Cells were washed twice with PBS and cell numbers adjusted equally between samples. Histone proteins were isolated from the cells according to Sidoli et al. [29]. The supernatants containing cytosolic fraction were also used for internal control. The samples were resolved on 4–15% precast polyacrylamide gels (#4561084, Bio-Rad, Hercules, CA, USA), transferred onto a polyvinylidene fluoride membrane (Immobilon-P, Millipore, Burlington, MA, USA) and blocked for 1 h at room temperature with 5% skim milk (BD Biosciences, San Jose, CA, USA) in TBST buffer (100 mM Tris-HCl, pH 7.5, 50 mM NaCl, 0.1% Tween-20; blocking buffer). The membranes were probed with anti-trimethyl-histone H3 (Lys9) (1:500, #07-442, Millipore) or anti-α-Tubulin (1:2,000, #2125, Cell Signaling Technology, Danvers, MA, USA) antibodies in blocking buffer overnight at 4°C. After washing with TBST, the membranes were incubated with anti-rabbit IgG (1:2,000, #7074, Cell Signaling Technology) in blocking buffer for 1 h at room temperature. The membranes were washed with TBST and processed using Chemi-Lumi One Ultra (Nacalai Tesque, Kyoto, Japan). Immunoblots were visualized using ImageQuant LAS 500 (GE Healthcare, Chicago, IL, USA). The signal intensity of H3K9me3 and α-Tubulin were measured using the software ImageQuant TL8.1 (GE Healthcare). The signal intensity of H3K9me3 was normalized to that of α-Tubulin using ImageQuant TL8.1.

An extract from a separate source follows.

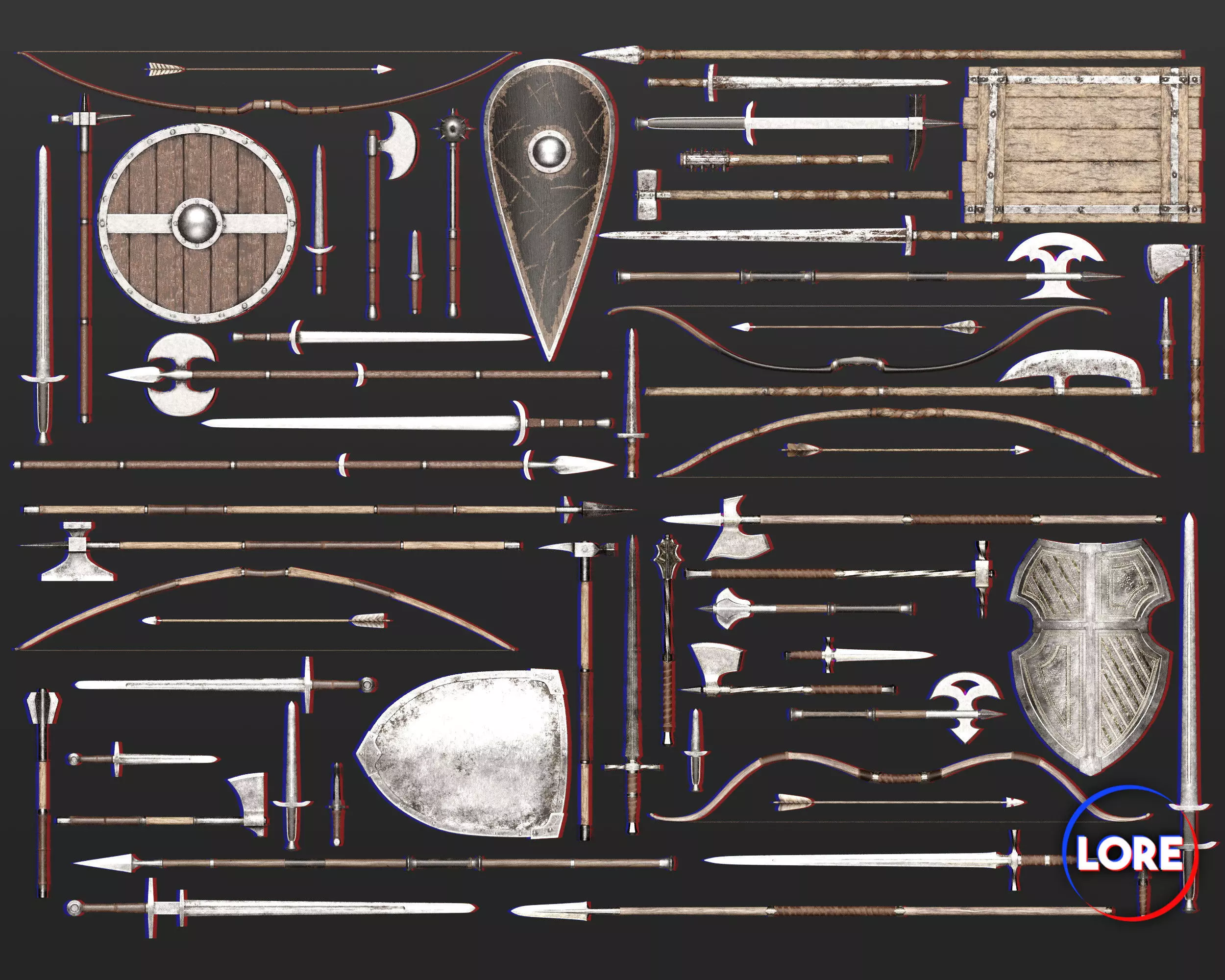 - Axe, Bow + Arrow & Quiver, Crossbow + Bolt, Dagger + Sheath, Knife + Cover, Lance, Long Sword, Mace, Pole Axe, Shield, Short Sword + Scabbard, Spear, Throwing Knife, and Warhammer. Each weapon comes in the Crude, Common, Knightly, Elegant, and Noble styles, for a total of 100 models.

Evaluation of total cell number in blastocysts

To evaluate the total cell number in embryos, Day 7 blastocysts were stained using Vectashield mounting medium with DAPI (Vector Laboratories, CA, USA). Blastocysts were washed in PBS and fixed for 15 min in 4% paraformaldehyde. The blastocysts were then washed twice in PBS supplemented with 0.3% polyvinylpyrrolidone followed by staining with DAPI for 5 min. The blastocysts were gently flattened under a coverslip, so that the cells appeared in a similar focal plane. Total cell numbers were counted using an epi-fluorescent microscope (Nikon Diaphot 200, Nikon, Tokyo, Japan).

Statistical analysis

The data on cleavage and blastocyst rates, as well as mean cell number in blastocysts, were analyzed by one-way ANOVA followed by Bonferroni correction by using the Stata/SE 15.0 software package (StataCorp., College Station, TX, USA). A value of P < 0.05 was considered statistically significant. All data were expressed as mean ± SEM values.